EXERCISE GOAL
Retype the whole listing below exactly, keeping every picture out of it.

BEGIN DATASET CONTENT

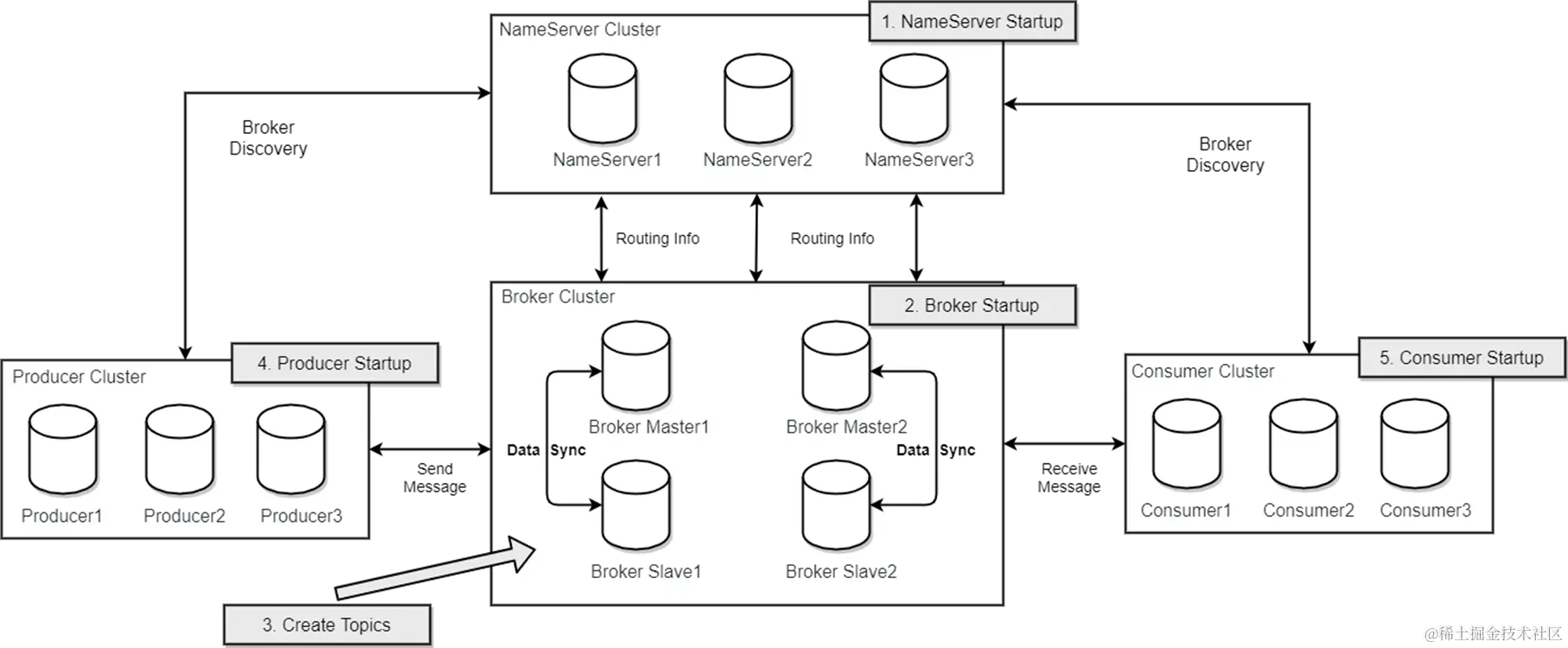 ● NameServer 保存了集群的元数据:Topic 和 Broker 之间的归属关系,这样就可以动态地配置 Topic 和 Broker 之间的从属关系,也可以将 Topic 在不同的 Broker 集群之间调度。
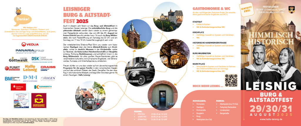 Alle Programminfos für das Leisniger Burg- und Altstadtfest 2025 sind hier ab sofort zu finden. Einfach den digitalen Flyer (PDF) downloaden und gerne auch teilen 🙂
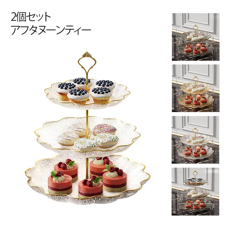 スタンド 3段 2セット 2段 おしゃれ フリル 焼き菓子 ゴールドライン かわいい ケーキスタンド デザートプレート プレートスタンド スイーツスタンド 半透明 高級 デザートスタンド 果 シンプル
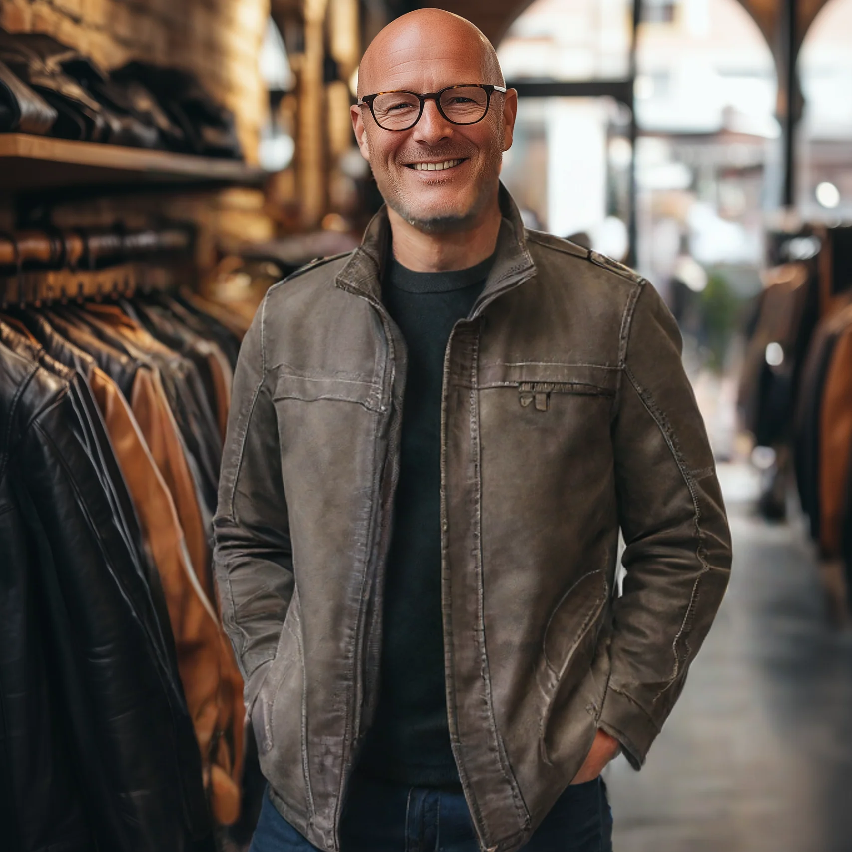 Découvrez notre veste en cuir « Urban Nomad » : notre pièce unique en son genre qui fait tourner les têtes.

END DATASET CONTENT

FINISHED EXERCISE
 ● NameServer 保存了集群的元数据:Topic 和 Broker 之间的归属关系,这样就可以动态地配置 Topic 和 Broker 之间的从属关系,也可以将 Topic 在不同的 Broker 集群之间调度。
 Alle Programminfos für das Leisniger Burg- und Altstadtfest 2025 sind hier ab sofort zu finden. Einfach den digitalen Flyer (PDF) downloaden und gerne auch teilen 🙂
 スタンド 3段 2セット 2段 おしゃれ フリル 焼き菓子 ゴールドライン かわいい ケーキスタンド デザートプレート プレートスタンド スイーツスタンド 半透明 高級 デザートスタンド 果 シンプル
 Découvrez notre veste en cuir « Urban Nomad » : notre pièce unique en son genre qui fait tourner les têtes.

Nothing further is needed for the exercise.